2) Runtime System Implementation: The official OmpSs implementation consists of two parts: a source-to-source compiler, named Mercurium, that transforms pragmas into function calls to a runtime library, and the runtime library itself, named Nanos [5]. To integrate Nexus++, we keep the Mercurium compiler but replace the Nanos runtime library with our own, VSs, that supports exchanging task status information with the Nexus++ task manager over PCIe.

B. Hardware Task Management

Nexus++ is a basic hardware task manager for StarSs [4], which was integrated in a simulator of the Cell processor. Nexus++ is based on the basic table lockups of Nexus to manage the task graph, but in an overhauled and more efficient design [8], presented as a SystemC prototype. Nexus++ removes the limitations on the number of inputs and outputs a task can have (up to 5 in [7], [11]). Similarly, the number of tasks that can depend on a certain data segment is limited in Nexus, which limits its applicability. Moreover, Nexus++ adds support for double buffering. Nexus++ has also been implemented in VHDL [9]. It provided an improved search algorithm which implements a cache-like multi-way set-associative task graph. Furthermore, the VHDL Nexus++ prototype has presented an interface for integration with task-based runtime systems, which will be employed and evaluated in this paper.

In addition to Nexus++, other hardware scheduling units have been proposed in literature. Most of them, however, assume independent tasks and are optimized for a certain application, a certain platform, or both.
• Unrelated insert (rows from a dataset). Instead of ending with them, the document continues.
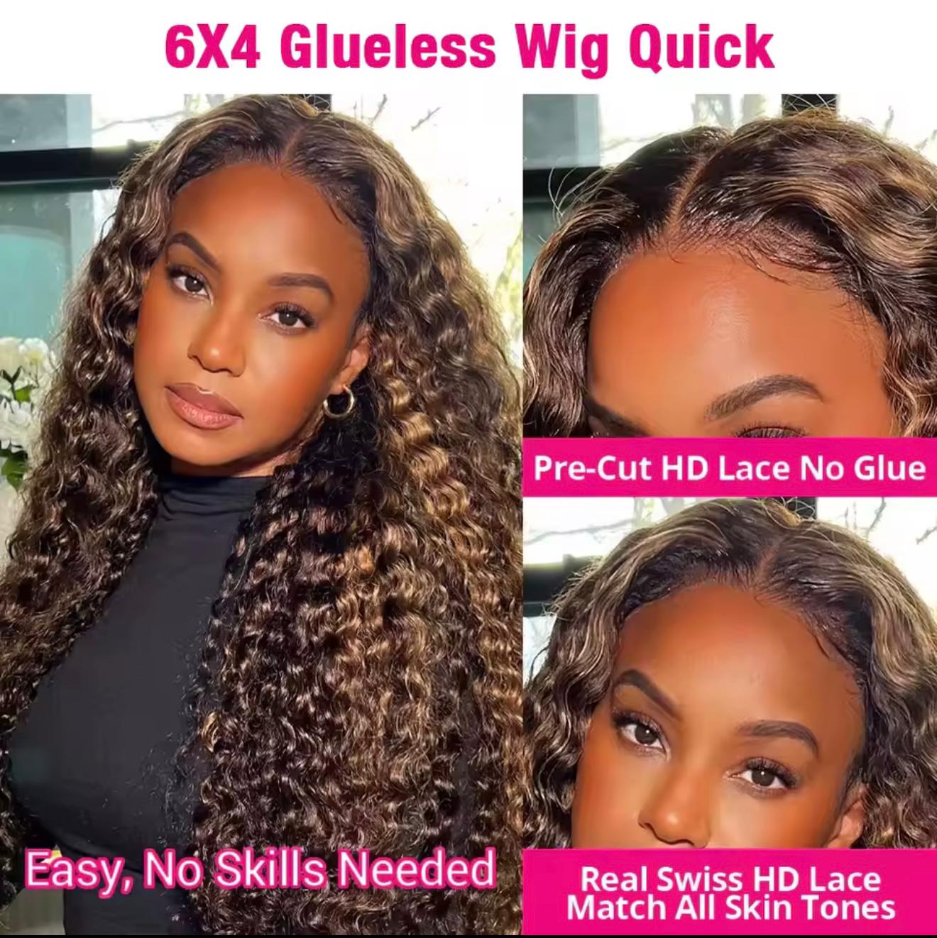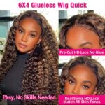 Deep Wave 6×4 Glueless Ready To Wear Lace Frontal Curly Highlight Ombre Preplucked Hairline Pre Cut human hair wig
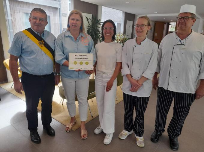 Medewerkers brachten toen voor het eerst de voedselverspilling in kaart: gemiddeld 455 gram per bewoner per dag. Daarop ondernam de keuken actie, met verfijnde portiegroottes en aangepast opschepmateriaal. Onlangs werd nog een meting uitgevoerd om de impact van de acties na te gaan. Een jaar later ligt de verspilling ruim 100 gram lager, een vermindering van 17 procent. Zo redt het wzc 6.700 kilogram eten. We zien schepen Dirk Desmet, directeur Isabel Vromant, Mélodie Arts (FoodWin), kok Lieven Van Hessche en diëtiste Justine Vanacker. (DV)
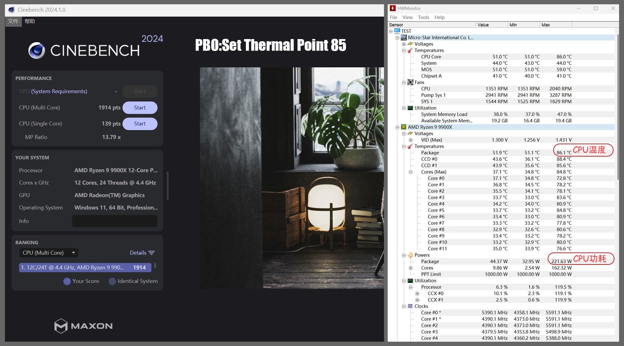 ▼这种情况下建议使用设置温度墙的方式(Set Thermal Point模式)。把最高温度墙设置成85°C,再次进行CineBench R24测试,多核得分为1914,居然比PBO Advanced的分数还高了一丢丢,但最高温度只有86°C。
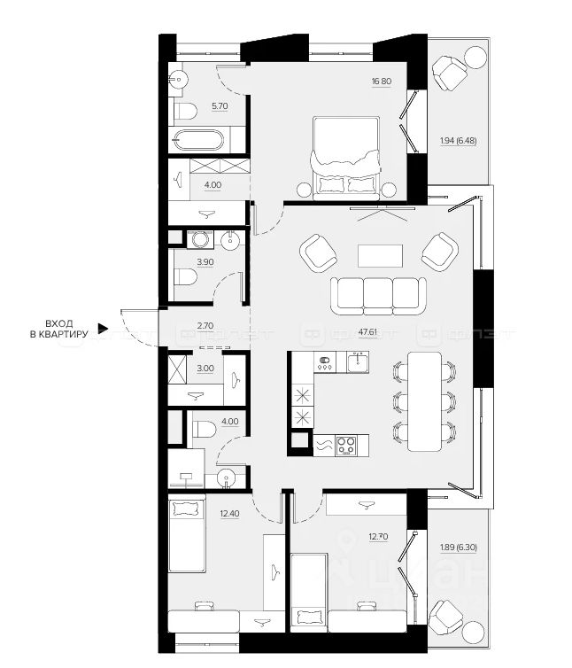 3-комнатная квартира 116.01 м² на 4 этаже в строящемся доме элитного-класса Жилого комплекса "Promenade".
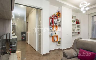 L'immobile si apre su un comodo disimpegno che porta al cucinotto, separato dalla zona giorno da una porta a vetro in modo da sfruttare al meglio gli spazi a disposizione. La zona living comprende anche un balconcino che si affaccia sull'interno del cortile, l'ideale per uno sfogo esterno in un contesto di assoluta tranquillità.
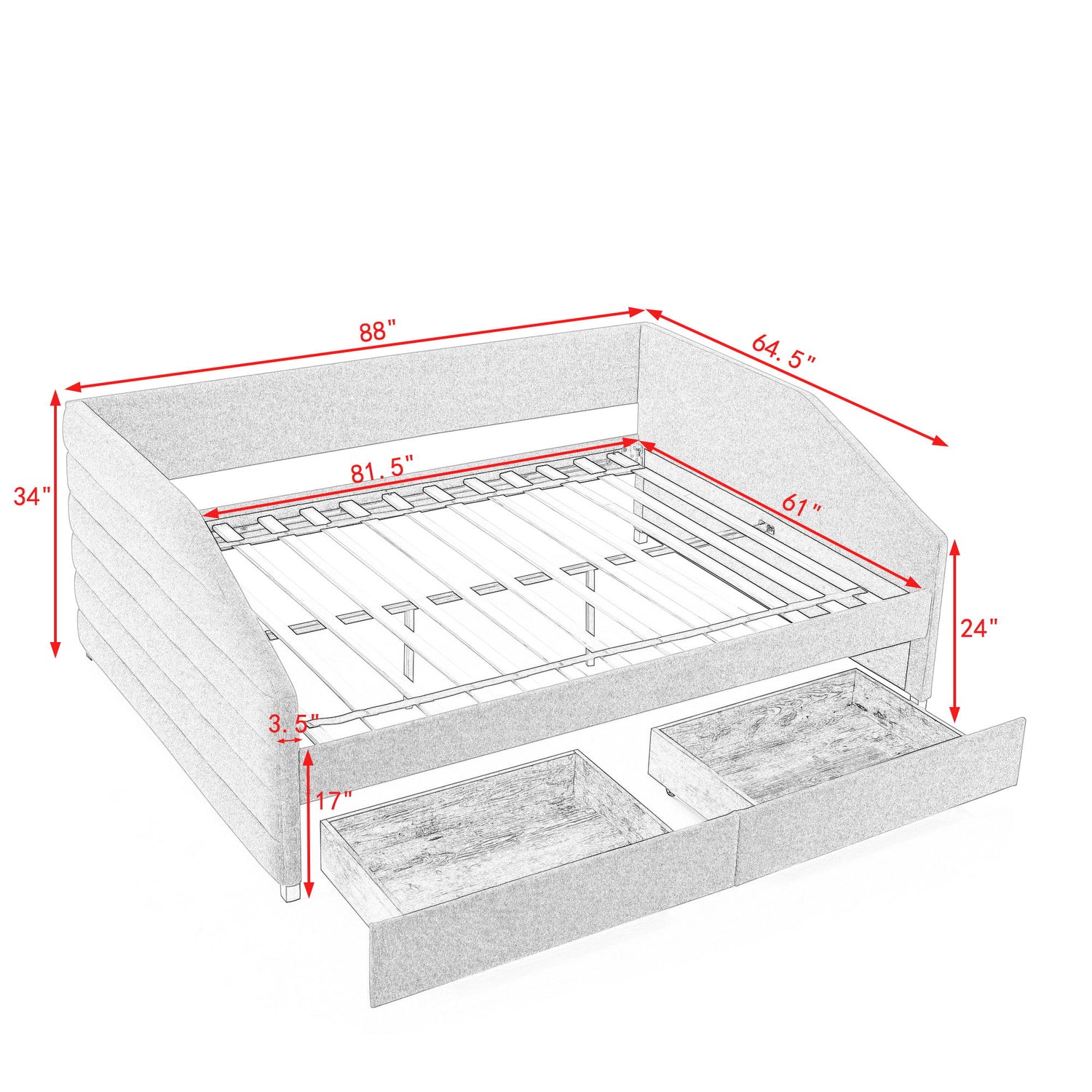 Upholstered Tufted Queen Size Daybed With 2 Drawers Trundle - Gray

For example, Carbon [12] assumes independent tasks and uses hardware queues to retrieve tasks with low latency. An example of a hardware accelerator that targets a certain application domain is the hardware task scheduler optimized for H.264 decoding [13]. It only supports a specific dependency pattern, and any modification to the task structure of the application would lead to incompatibility. Etsion et al. [14] also proposed a hardware task management unit for the StarSs runtime system, based on the similarity between task dependency checking and the instruction scheduler of an out-of-order processor. Although a VHDL prototype was presented for it in [15], it was only evaluated using high-level simulations.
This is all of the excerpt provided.